REPUBLIKA.CO.ID, YOGYAKARTA - Meskipun angka pernikahan dini di Kota Yogyakarta, tidak terlalu tinggi, namun Kantor KB setempat terus berupaya menekan angka tersebut. Harapannya, agar tidak semakin banyak remaja yang mengalaminya. Pasalnya, pernikahan dini terpaksa dilakukan karena pasangan muda tak memiliki pengetahuan yang cukup soal reproduksi.
"Batas maksimal angka pernikahan dini adalah 3,5 persen dari total pasangan usia subur. Namun, di Kota Yogyakarta hanya 0,16 persen. Angkanya memang kecil, tapi tetap dibutuhkan upaya agar angkanya tidak semakin meningkat," kata Kepala Kantor KB Kota Yogyakarta Eny Retnowati di sela pelepasan Jambore Remaja di Yogyakarta, Jumat (16/9).

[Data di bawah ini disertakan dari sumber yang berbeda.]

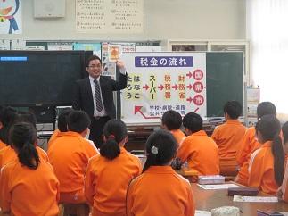 今日の3校時目に、6年生を対象に「租税教室」を行いました。講師として、さくら保険事務所の佐々木様、いわき法人会から石田様と森下様においでいただきました。自分たちの周りではどんなものに税金が使われ、自分たちの生活にどのように関わっているのか、身近なところから分かりやすく教えていただきました。また、今の6年生児童28名が入学から卒業までの6年間を過ごすにあたっては、合計約1億円の税金が使われていることも知りました。最後は、その1億円の「みほん」を全員で持ってみました。おいでいただいた3名の講師の皆様、お忙しい中、ありがとうございました。

Menurut dia, salah satu upaya untuk menekan angka pernikahan dini atau pernikahan dengan usia kurang dari 20 tahun adalah melalui kampanye kesehatan reproduksi. Remaja, lanjut dia, akan memperoleh berbagai informasi mengenai kesehatan reproduksi termasuk dampak negatif yang akan terjadi apabila melakukan pernikahan dini.
Biasanya, Eny mengatakan, pernikahan dini terpaksa dilakukan karena banyak pasangan muda yang tidak memiliki pengetahuan yang cukup mengenai kesehatan reproduksi. "Selain berpotensi mempengaruhi kesehatan organ reproduksi karena belum siap mengandung atau pasangan memilih melakukan aborsi karena kehamilan tidak diinginkan, pasangan yang menikah dini biasanya juga rentan secara psikologis sehingga berdampak pada perceraian," katanya.
Eny berharap, peserta 'Jambore Remaja' dapat menyebarluaskan materi yang diperoleh selama mengikuti kegiatan di Mangunan pada 16-18 September kepada teman-teman sebanyanya. "Semakin banyak remaja yang mengetahui dan menyadari pentingnya menjaga kesehatan reproduksi, akan semakin baik," katanya.
Jambore Remaja Kota Yogyakarta diikuti 180 peserta dengan usia antara 10 hingga 24 tahun yang berasal dari perwakilan sekolah dan kelompok Pusat Informasi dan Konseling Remaja (PIKR). Di Kota Yogyakarta terdapat 54 kelompok PIKR yang tersebar di seluruh wilayah.